Altar cloth set embroidered and sewn by Magda Panos and Dena Kosmitis.

Magda and Dena both participate in St. George's women's auxiliary organizations, the Philoptochos Society and the Daughters of Penelope. The St. George chapter of the Philoptochos Society grew out of an earlier women's organization formed to raise money for the church. Eventually, the group went under the regional diocese and became part of the national Philoptochos network. The Philoptochos Society is the first Christian women's auxiliary women's organization in the United States. Philoptochos translates as "friend of the poor." The organization does philanthropic work, while also supporting the church. Philoptochos has district, national, and international chapters. In diaspora, the society is a natural extension of the tradition in Greece, where all churches have a Philoptochos Society.

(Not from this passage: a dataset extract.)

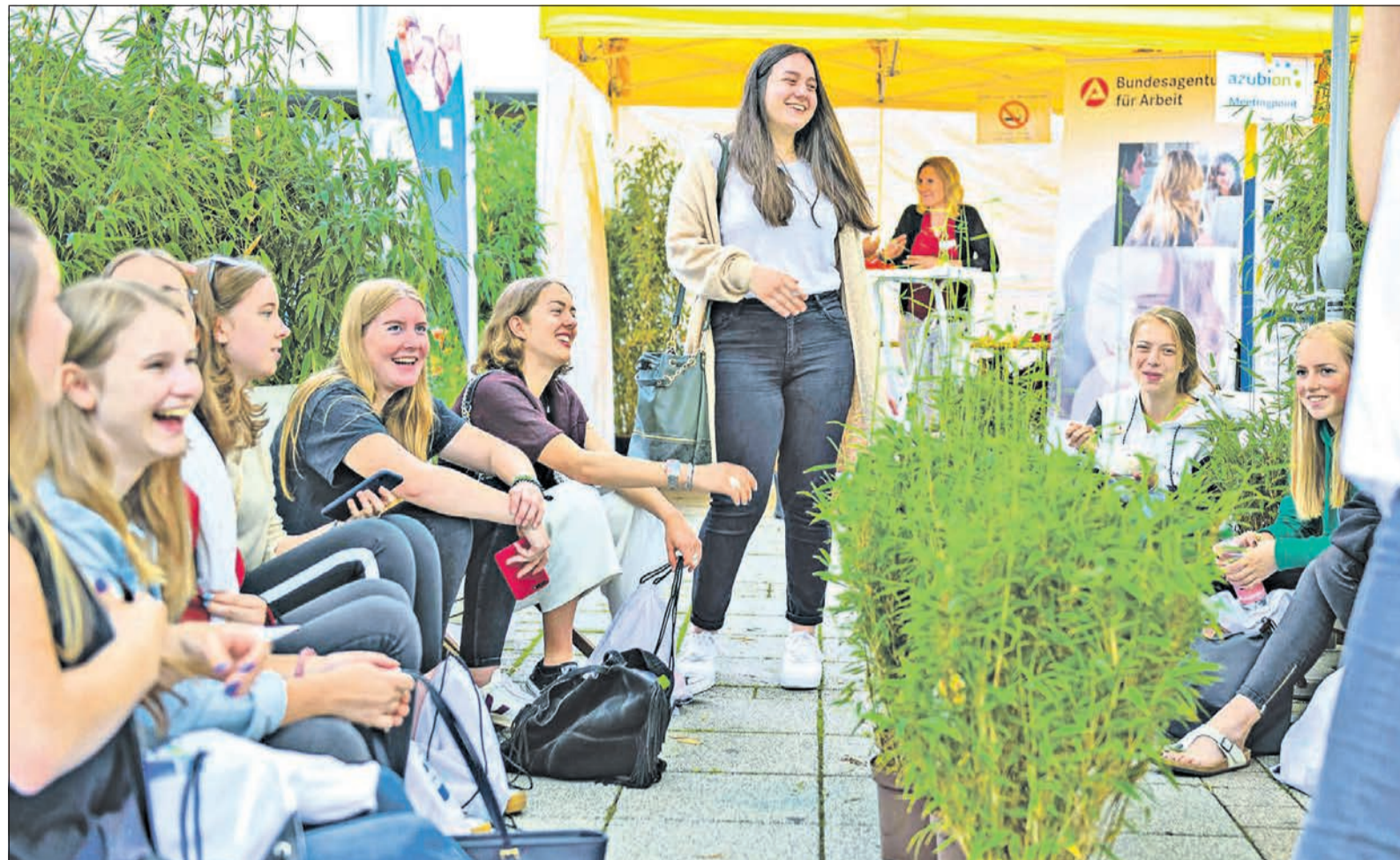
Bei der „azubion“-Erlebnistour fahren die Schüler den Tag über mit Bussen zu den einzelnen Firmenzentralen. Hier erhalten sie wertvolle Informationen zu möglichen Ausbildungen oder Studien.

Engel & Völkers Kronberg Engel & Völkers Immobilien Deutschland GmbH Frankfurter Straße 13 · 61476 Kronberg Telefon +49 6173 60 10 70 taunus@engelvoelkers.com Immobilienmakler

In contrast, the Daughters of Penelope originated in the U.S. The Daughters of Penelope, which recently celebrated its 90th anniversary, was founded by a group of women in San Francisco as a women's auxiliary to the men's organization, the American Hellenic Education Progressive Association (AHEPA). Dena explains that Greek immigrants organized AHEPA and Daughters to promote Greek language and heritage in their new home. She says, "It was more so they'd be known, the Greeks, to [allow others to] see what we stand for. To educate the people in the United States." Today, the Daughters of Penelope is an international organization, with chapters in Greece, Cyprus, Canada, and Australia.